On Thu, 17 Apr 2014 18:52:10 -0400, Walter Bright
<[email protected]> wrote:
On 4/17/2014 3:18 PM, Steven Schveighoffer wrote:
During the entire processing, you never increment/decrement a reference
count,
because the caller will have passed data to you with an incremented
count.
Just because ARC protects the data, doesn't mean you need to constantly
and
needlessly increment/decrement references. If you know the data won't
go away
while you are using it, you can just ignore the reference counting
aspect.
The salient point there is "if you know". If you are doing it, it is not
guaranteed memory safe by the compiler. If the compiler is doing it, how
does it know?
When I said you, I misspoke. I meant the compiler. If it isn't sure, it
increments the count. But any objects passed into a function are already
incremented. Basically it's like a mutex lock. You only need to increment
at the most outer level of where you are using it.
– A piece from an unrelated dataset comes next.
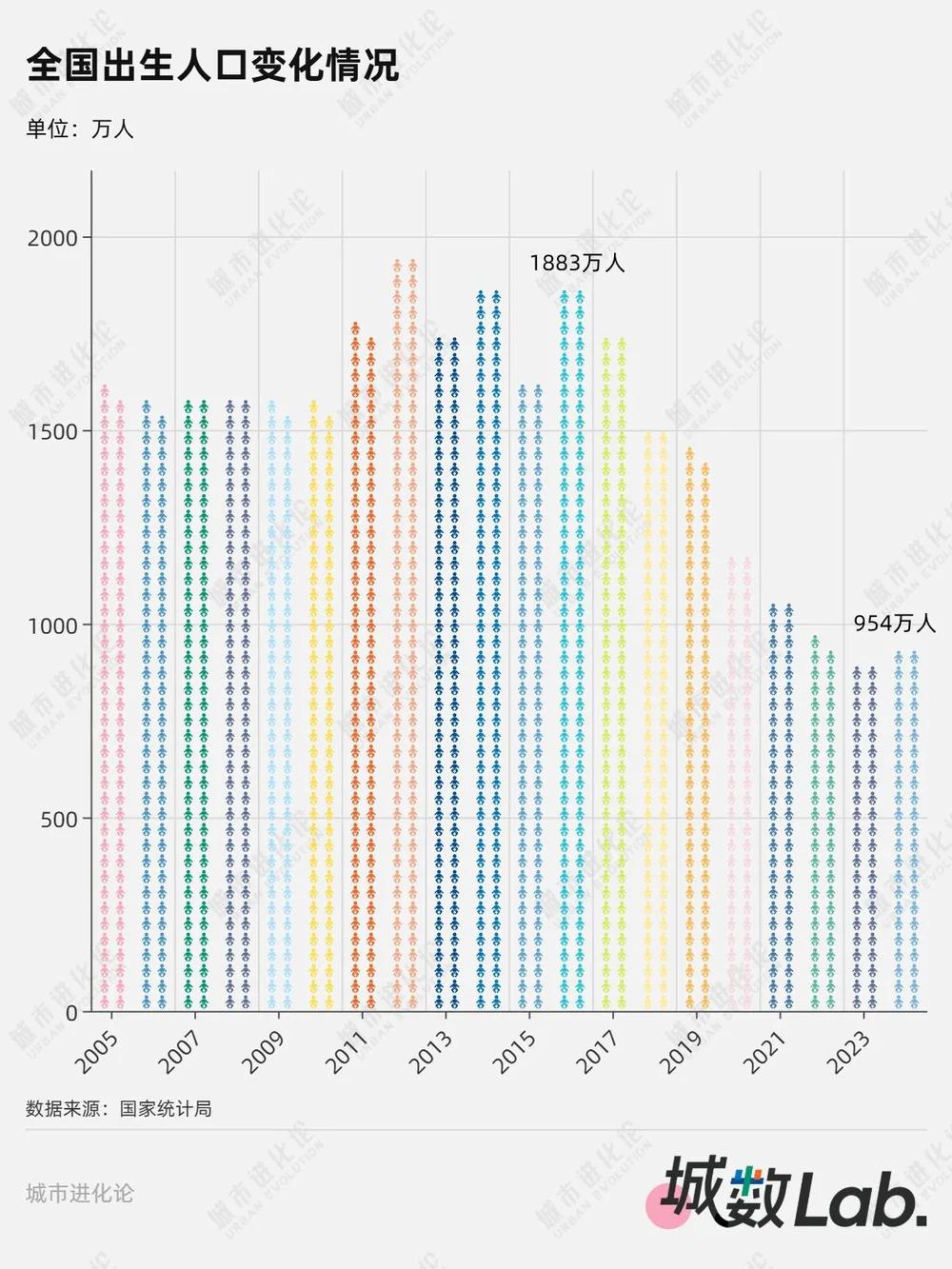比人口规模先一步由增转降的是人口出生率。2016 — 2024 年,全国人口出生率从 13.57 ‰降至 6.77 ‰,除 2024 年略微回升外,其余年份均呈下降趋势,其中 2023 年为近 20 年最低水平;同期,出生人口从 1883 万人大幅缩减至 954 万人,9 年时间几乎 " 腰斩 "。

This idea that every time you pass around a variable you need to adjust
counts is just not true. This is not shared_ptr.
You really are doing *manual*, not automatic, ARC here, because you are
making decisions about when ARC can be skipped, and you must make those
decisions in order to have it run at a reasonable speed.
Absolutely not, the compiler knows whether the count needs to be
incremented, I don't need to know. In fact, in ARC, you are NOT ALLOWED to
increment or decrement the count manually.